= Christel Riemann-Hanewinckel =

German politician

Christel Riemann-Hanewinckel (born 6 April 1947 in Bad Tennstedt) is a German politician (SPD).

From 1998 to 2002, she served as Chairwoman of the Bundestag Committee for Family Affairs, Senior Citizens, Women and Youth. From 2002 to 2005, she held the position of Parliamentary State Secretary at the Federal Ministry for Family Affairs, Senior Citizens, Women and Youth.

== Life and career ==

After graduating from Arnoldischule in Gotha in 1965, Christel Riemann-Hanewinckel trained as a bookseller and worked in this profession until 1970. She then studied theology at Martin Luther University Halle-Wittenberg until 1976. She then worked as a pastor at the district pastorate for hospital pastoral care in Halle/Saale until 1990. From 1980 to 1990, she was a member of the executive committee of the Halle/Saale district synod and was deputy superintendent from 1988 to 1990. In 1990, she graduated as a supervisor of pastoral psychology.

Christel Riemann-Hanewinckel is married and has two children.

== Party ==

In October 1989, she was one of the co-founders of the SDP (later SPD) in the GDR. From 1993 to 2005 she was chairwoman of the Halle/Saale SPD city association. From 2002 to 2004, she held the position of deputy state chairwoman of the SPD Saxony-Anhalt.

Christel Riemann-Hanewinckel is co-editor of Spw - Zeitschrift für sozialistische Politik und Wirtschaft.

== Member of Parliament ==

From 1990 to 1992, she was a city councillor and vice president of the city council of Halle/Saale.

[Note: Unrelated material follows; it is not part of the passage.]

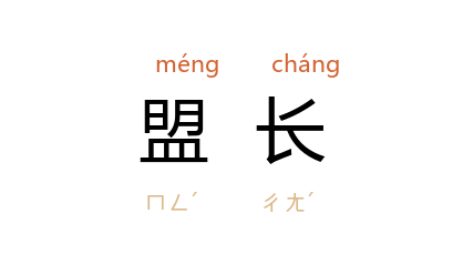 ⒈ 蒙古称一盟的领袖为「盟长」。
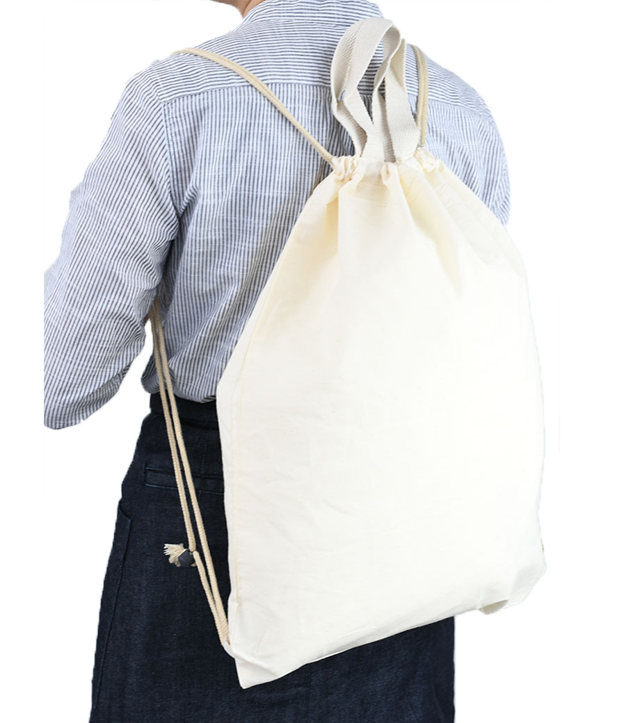 オリジナルの名入れプリントができる巾着・リュック・ナップサック コットンを取り揃えました。小ロットからご注文可能です。年代問わず喜ばれるので、ノベルティ・記念品にピッタリです。

From 1990 to 2009, she was a member of the German Bundestag. She was a member of the executive committee of the SPD Bundestagsfraktion from 1998 to 2002 and also chaired the Committee for Family, Senior Citizens, Women and Youth.

In 1990, Christel Riemann-Hanewinckel was elected via the state list of Saxony-Anhalt. She then served as a directly elected member of the Bundestag constituency Halle-Altstadt in the Bundestag. In the 2005 Bundestag election, she received 36.0% of the first vote.

== Public offices ==

After the 2002 Bundestag election, she was appointed Parliamentary State Secretary to the Federal Minister for Family Affairs, Senior Citizens, Women and Youth on 22 October 2002 in the Federal Chancellor's Gerhard Schröder Federal Chancellor led by Gerhard Schröder.

After the 2005 Bundestag elections, the leadership of the Ministry of Family Affairs was transferred to Ursula von der Leyen (CDU) and Christel Riemann-Hanewinckel left office on 22 November 2005.

From 2009 to 2019, Christel Riemann-Hanewinckel was President of the Evangelische Arbeitsgemeinschaft Familie.